◆ **Assignment**: Quote every line below exactly and skip any picture.

◆ **Exercise data**:
^^^^^^^^^^^^^^^^

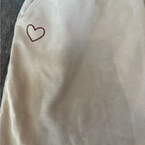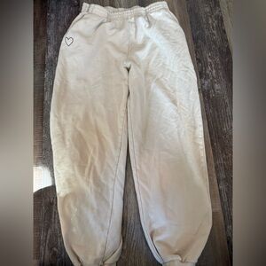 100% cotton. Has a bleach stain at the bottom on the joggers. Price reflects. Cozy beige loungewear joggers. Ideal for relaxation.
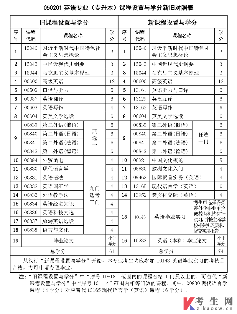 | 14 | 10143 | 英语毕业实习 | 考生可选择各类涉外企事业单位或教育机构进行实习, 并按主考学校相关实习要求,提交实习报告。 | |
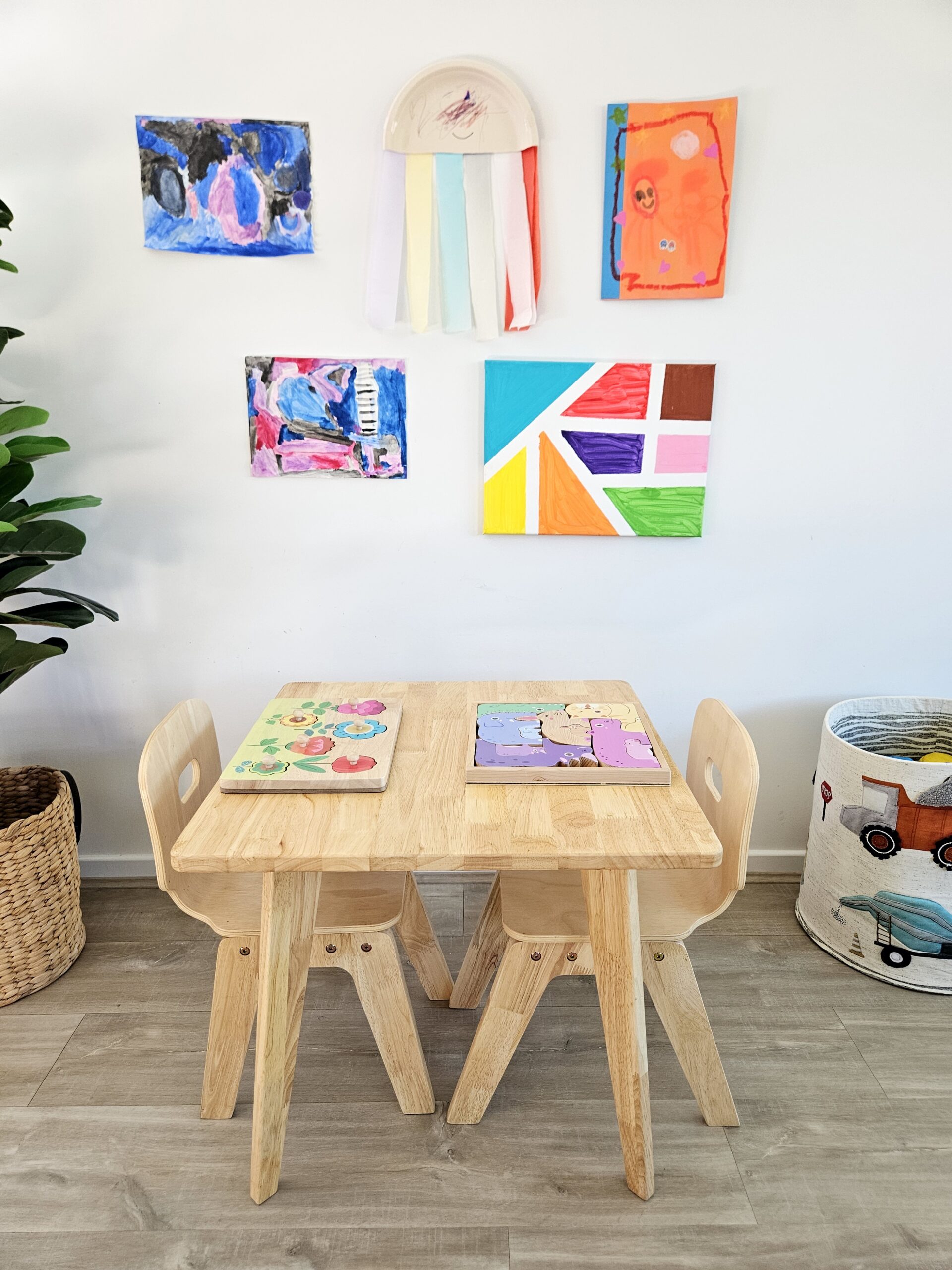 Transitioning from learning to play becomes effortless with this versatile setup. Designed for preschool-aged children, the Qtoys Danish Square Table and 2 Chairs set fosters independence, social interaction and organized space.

^^^^^^^^^^^^^^^^

◆ **Answer to this exercise**:
 100% cotton. Has a bleach stain at the bottom on the joggers. Price reflects. Cozy beige loungewear joggers. Ideal for relaxation.
 | 14 | 10143 | 英语毕业实习 | 考生可选择各类涉外企事业单位或教育机构进行实习, 并按主考学校相关实习要求,提交实习报告。 | |
 Transitioning from learning to play becomes effortless with this versatile setup. Designed for preschool-aged children, the Qtoys Danish Square Table and 2 Chairs set fosters independence, social interaction and organized space.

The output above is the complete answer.